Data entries

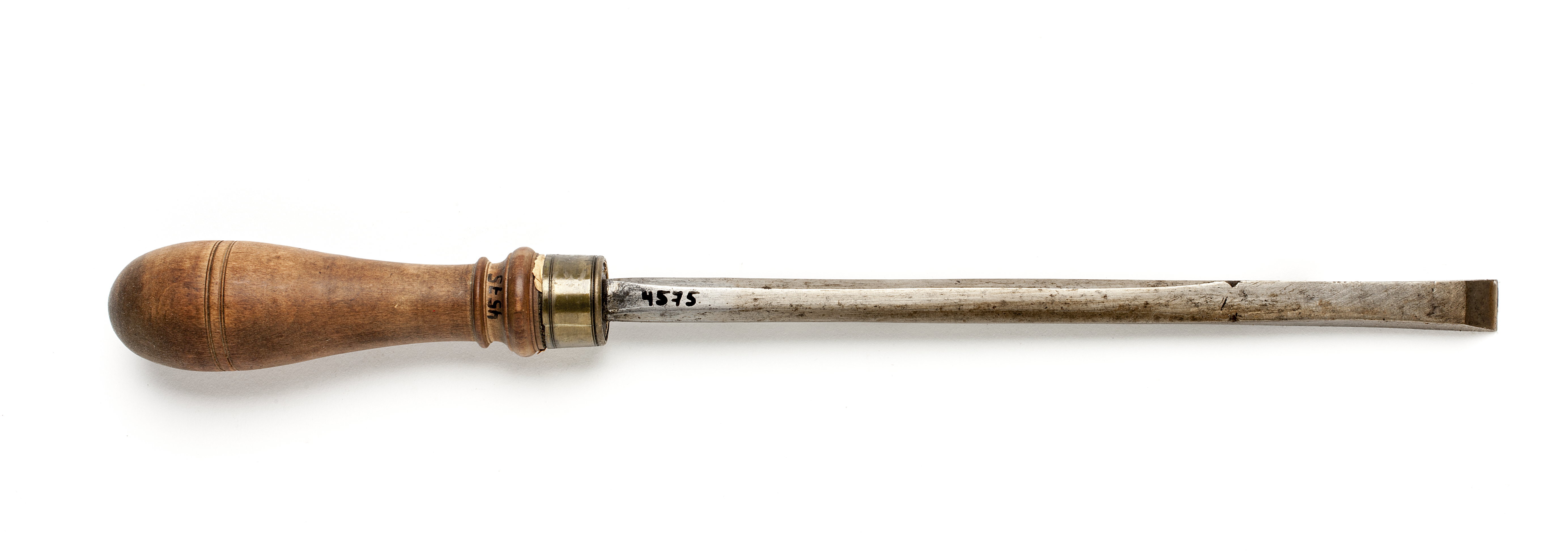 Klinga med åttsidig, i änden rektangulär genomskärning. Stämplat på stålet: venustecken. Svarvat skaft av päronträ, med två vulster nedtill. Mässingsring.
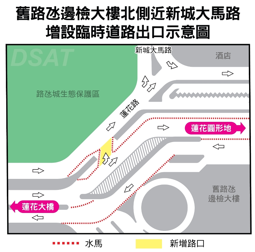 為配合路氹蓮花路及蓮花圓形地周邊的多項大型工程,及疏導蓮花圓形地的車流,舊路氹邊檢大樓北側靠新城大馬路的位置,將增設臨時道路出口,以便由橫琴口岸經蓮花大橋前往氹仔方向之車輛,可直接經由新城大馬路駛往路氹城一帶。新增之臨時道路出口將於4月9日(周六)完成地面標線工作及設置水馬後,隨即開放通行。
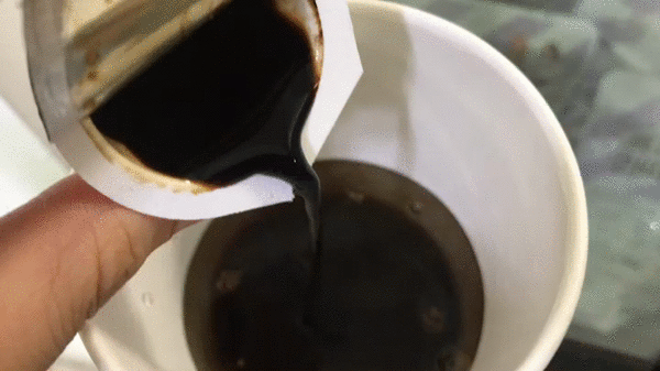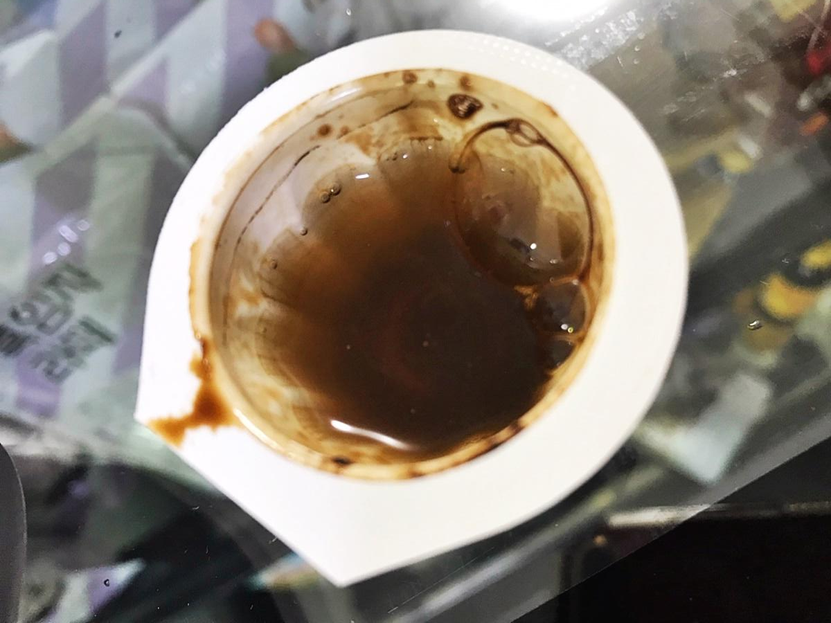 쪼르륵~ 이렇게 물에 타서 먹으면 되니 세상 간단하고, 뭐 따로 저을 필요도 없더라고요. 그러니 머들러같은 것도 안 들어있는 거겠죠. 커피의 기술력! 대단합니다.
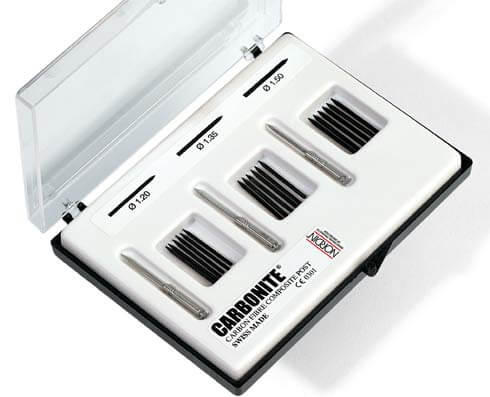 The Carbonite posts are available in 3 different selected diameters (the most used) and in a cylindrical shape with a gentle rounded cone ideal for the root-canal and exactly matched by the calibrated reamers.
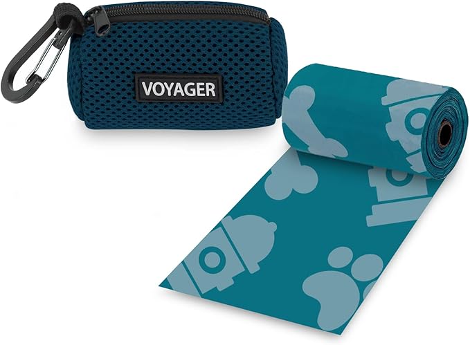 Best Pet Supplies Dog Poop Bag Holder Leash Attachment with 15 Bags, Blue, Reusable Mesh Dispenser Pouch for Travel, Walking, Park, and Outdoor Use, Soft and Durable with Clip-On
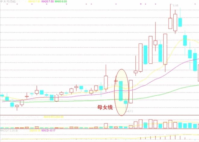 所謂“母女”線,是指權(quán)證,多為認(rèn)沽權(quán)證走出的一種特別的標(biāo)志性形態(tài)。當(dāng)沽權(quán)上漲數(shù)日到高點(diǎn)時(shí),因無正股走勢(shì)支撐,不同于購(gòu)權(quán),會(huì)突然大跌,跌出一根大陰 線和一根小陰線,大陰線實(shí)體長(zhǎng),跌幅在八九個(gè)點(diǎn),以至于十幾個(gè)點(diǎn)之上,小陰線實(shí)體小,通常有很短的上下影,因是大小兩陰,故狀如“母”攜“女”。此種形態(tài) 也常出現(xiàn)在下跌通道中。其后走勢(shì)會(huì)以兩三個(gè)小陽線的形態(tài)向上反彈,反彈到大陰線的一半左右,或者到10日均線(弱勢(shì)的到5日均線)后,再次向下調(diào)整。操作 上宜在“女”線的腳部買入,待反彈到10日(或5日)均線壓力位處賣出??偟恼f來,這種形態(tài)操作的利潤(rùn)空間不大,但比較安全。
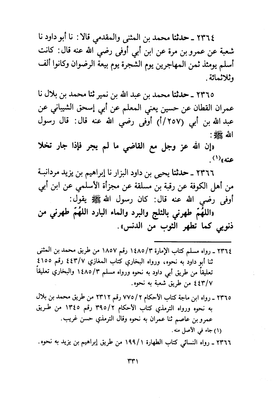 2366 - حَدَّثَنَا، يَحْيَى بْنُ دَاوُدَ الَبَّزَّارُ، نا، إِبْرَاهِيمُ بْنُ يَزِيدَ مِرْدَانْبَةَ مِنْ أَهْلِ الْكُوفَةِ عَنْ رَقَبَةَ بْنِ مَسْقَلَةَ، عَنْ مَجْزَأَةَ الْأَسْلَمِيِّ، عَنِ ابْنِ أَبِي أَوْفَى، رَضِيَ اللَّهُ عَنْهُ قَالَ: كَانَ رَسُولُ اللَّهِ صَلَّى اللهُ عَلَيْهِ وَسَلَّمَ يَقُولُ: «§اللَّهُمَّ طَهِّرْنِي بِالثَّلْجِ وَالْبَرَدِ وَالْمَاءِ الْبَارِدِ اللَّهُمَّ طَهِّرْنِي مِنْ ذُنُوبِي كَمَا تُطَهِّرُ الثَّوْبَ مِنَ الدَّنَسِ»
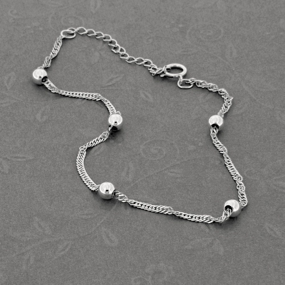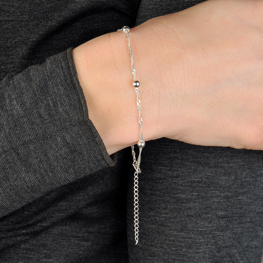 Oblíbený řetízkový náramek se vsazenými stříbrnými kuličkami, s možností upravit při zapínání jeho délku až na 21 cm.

:: Your goal ::
Exact repeat, pictures omitted: give every line from the top of the records down to and including the line with "Best Pet Supplies".

:: Answer to this exercise ::
 Klinga med åttsidig, i änden rektangulär genomskärning. Stämplat på stålet: venustecken. Svarvat skaft av päronträ, med två vulster nedtill. Mässingsring.
 為配合路氹蓮花路及蓮花圓形地周邊的多項大型工程,及疏導蓮花圓形地的車流,舊路氹邊檢大樓北側靠新城大馬路的位置,將增設臨時道路出口,以便由橫琴口岸經蓮花大橋前往氹仔方向之車輛,可直接經由新城大馬路駛往路氹城一帶。新增之臨時道路出口將於4月9日(周六)完成地面標線工作及設置水馬後,隨即開放通行。
 쪼르륵~ 이렇게 물에 타서 먹으면 되니 세상 간단하고, 뭐 따로 저을 필요도 없더라고요. 그러니 머들러같은 것도 안 들어있는 거겠죠. 커피의 기술력! 대단합니다.
 The Carbonite posts are available in 3 different selected diameters (the most used) and in a cylindrical shape with a gentle rounded cone ideal for the root-canal and exactly matched by the calibrated reamers.
 Best Pet Supplies Dog Poop Bag Holder Leash Attachment with 15 Bags, Blue, Reusable Mesh Dispenser Pouch for Travel, Walking, Park, and Outdoor Use, Soft and Durable with Clip-On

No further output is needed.